◆ **ABOUT THIS EXERCISE**
Whatever precedes the line containing "The computer is" is not copied; that line and every line after it through the final one below are copied exactly, except pictures.

** Opening SUPPLIED DATA block **

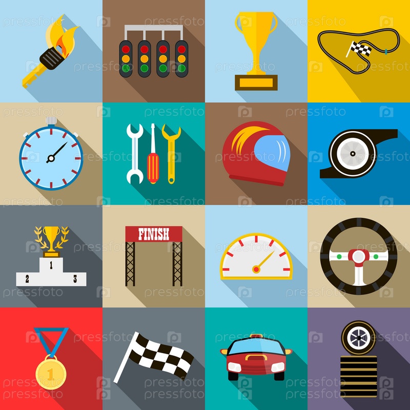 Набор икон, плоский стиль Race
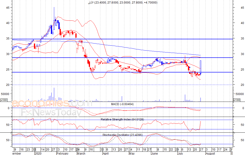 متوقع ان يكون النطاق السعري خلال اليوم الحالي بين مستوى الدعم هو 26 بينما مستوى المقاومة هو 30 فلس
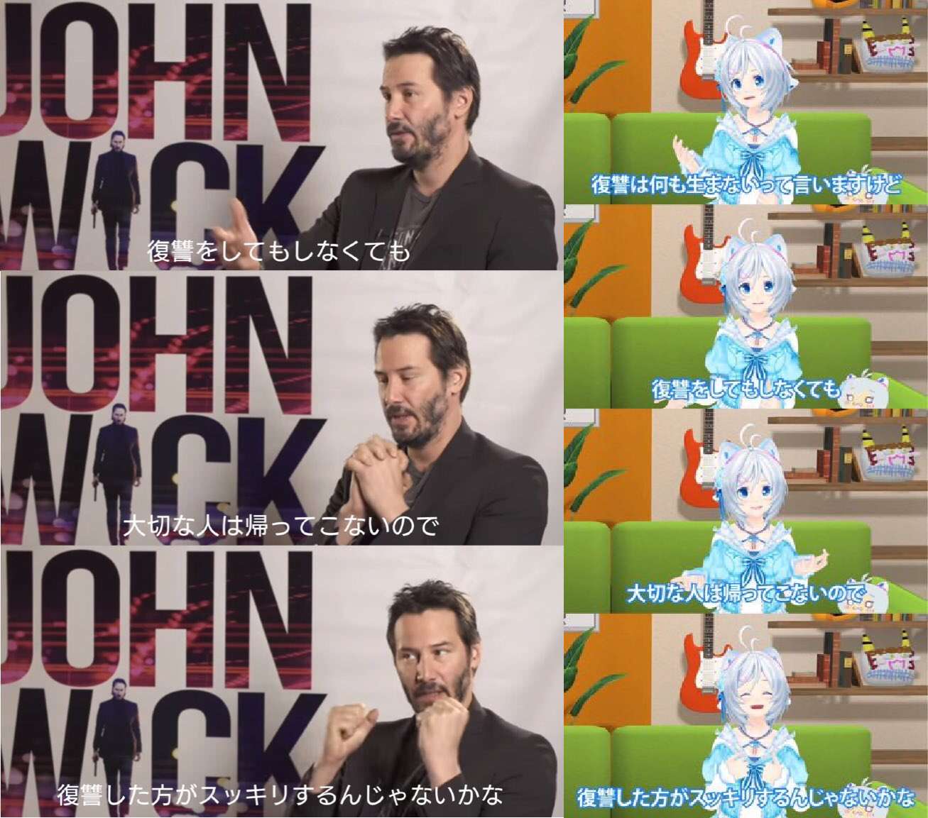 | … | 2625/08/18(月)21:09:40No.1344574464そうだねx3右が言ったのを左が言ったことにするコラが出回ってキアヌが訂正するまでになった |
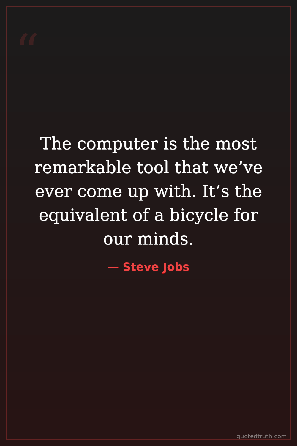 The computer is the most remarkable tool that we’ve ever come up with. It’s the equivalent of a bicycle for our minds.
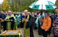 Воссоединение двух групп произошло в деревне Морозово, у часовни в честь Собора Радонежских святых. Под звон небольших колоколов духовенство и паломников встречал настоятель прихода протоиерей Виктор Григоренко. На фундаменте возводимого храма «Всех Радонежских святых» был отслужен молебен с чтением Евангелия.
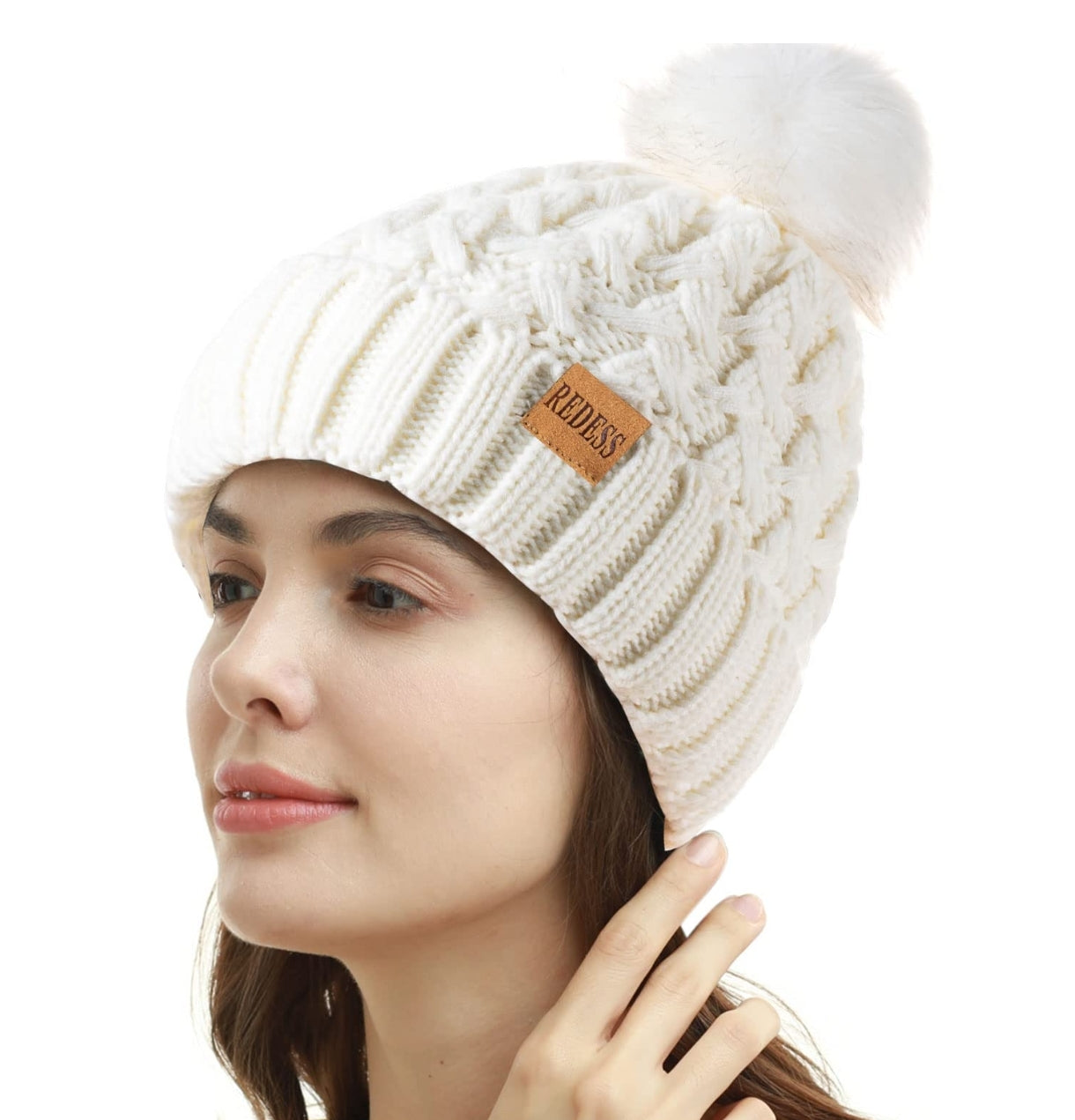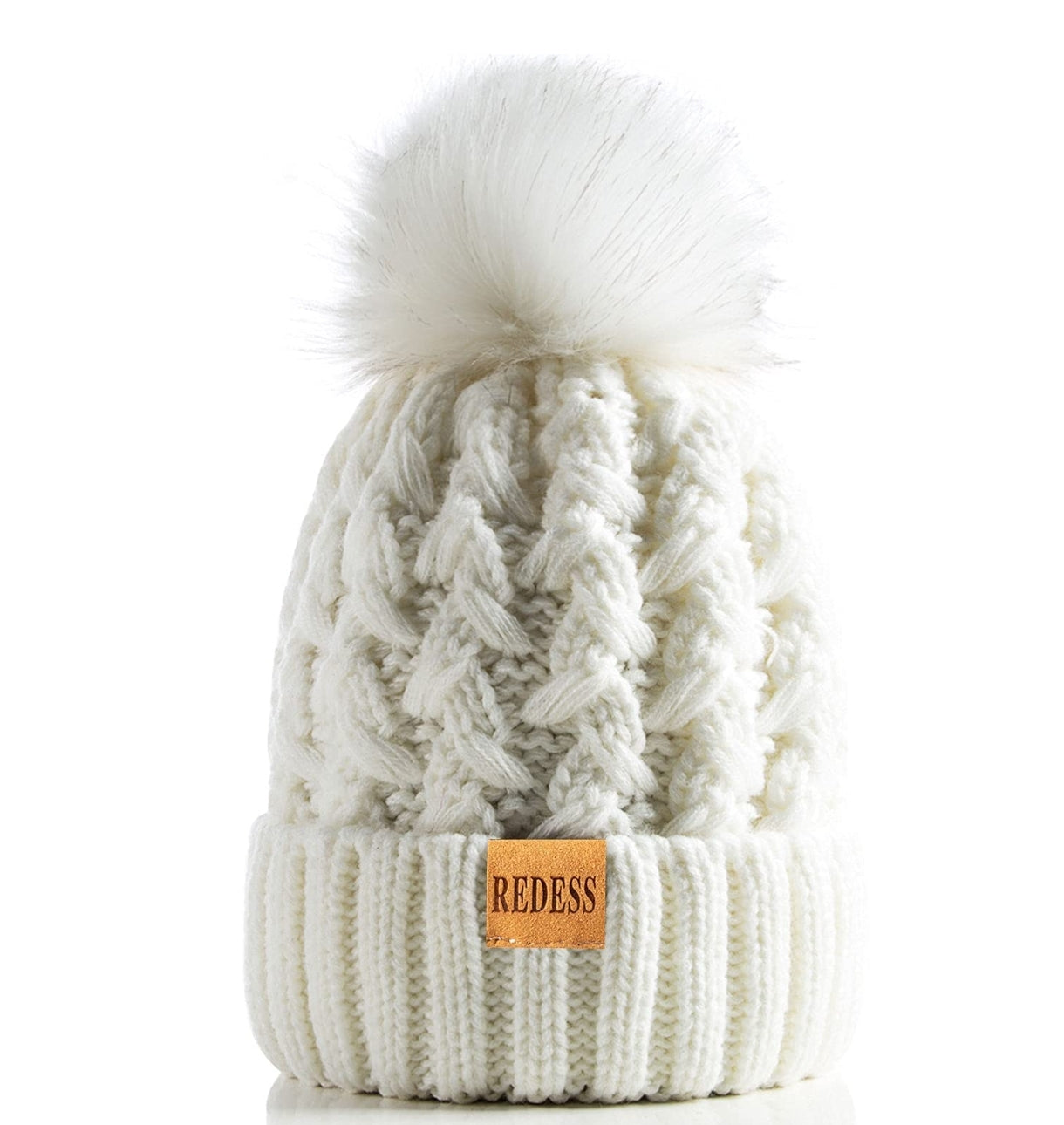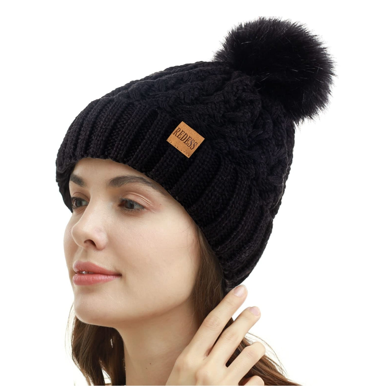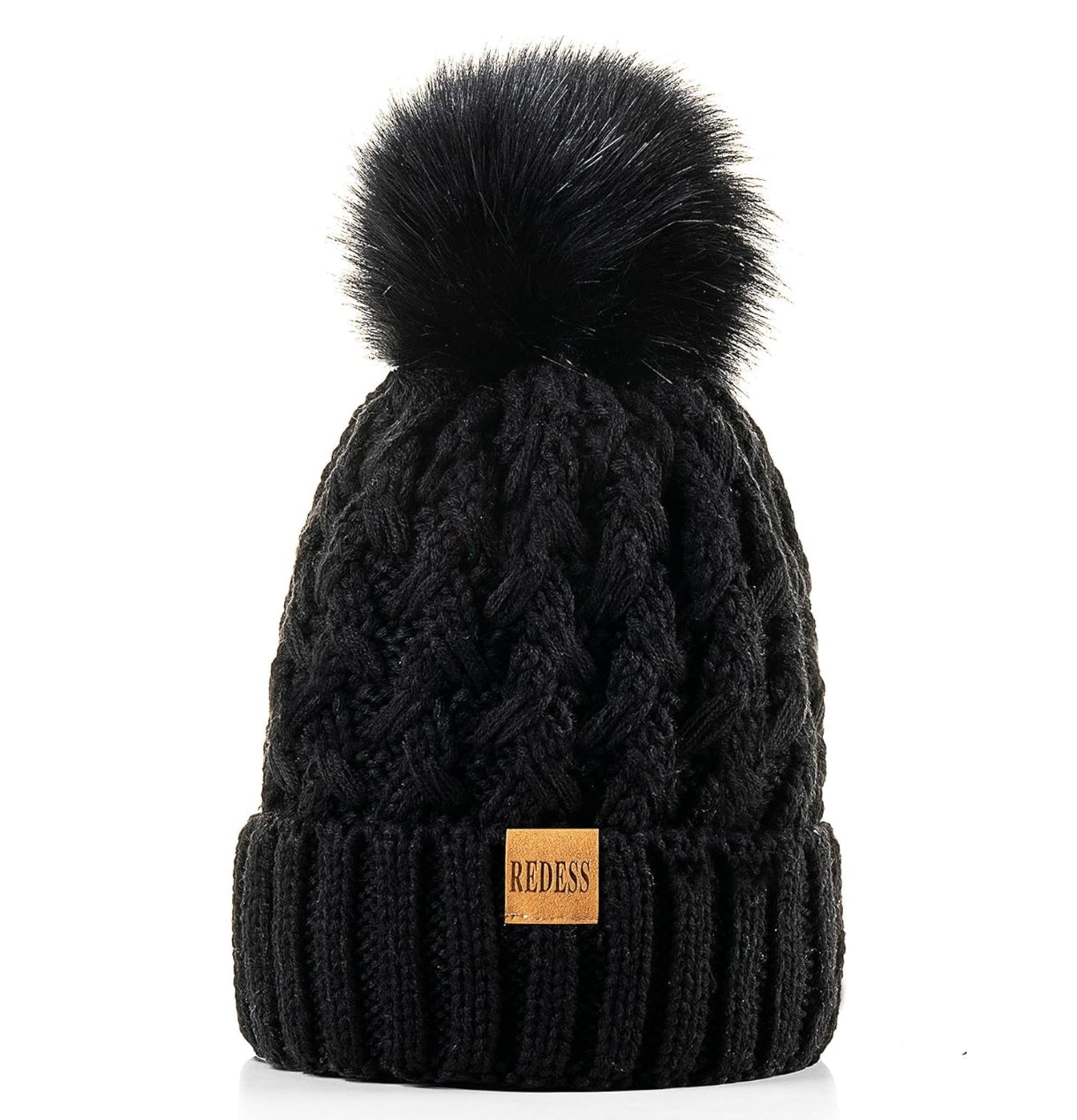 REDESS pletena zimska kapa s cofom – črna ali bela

** Closing SUPPLIED DATA block **

◆ **ANSWER SECTION**
 The computer is the most remarkable tool that we’ve ever come up with. It’s the equivalent of a bicycle for our minds.
 Воссоединение двух групп произошло в деревне Морозово, у часовни в честь Собора Радонежских святых. Под звон небольших колоколов духовенство и паломников встречал настоятель прихода протоиерей Виктор Григоренко. На фундаменте возводимого храма «Всех Радонежских святых» был отслужен молебен с чтением Евангелия.
 REDESS pletena zimska kapa s cofom – črna ali bela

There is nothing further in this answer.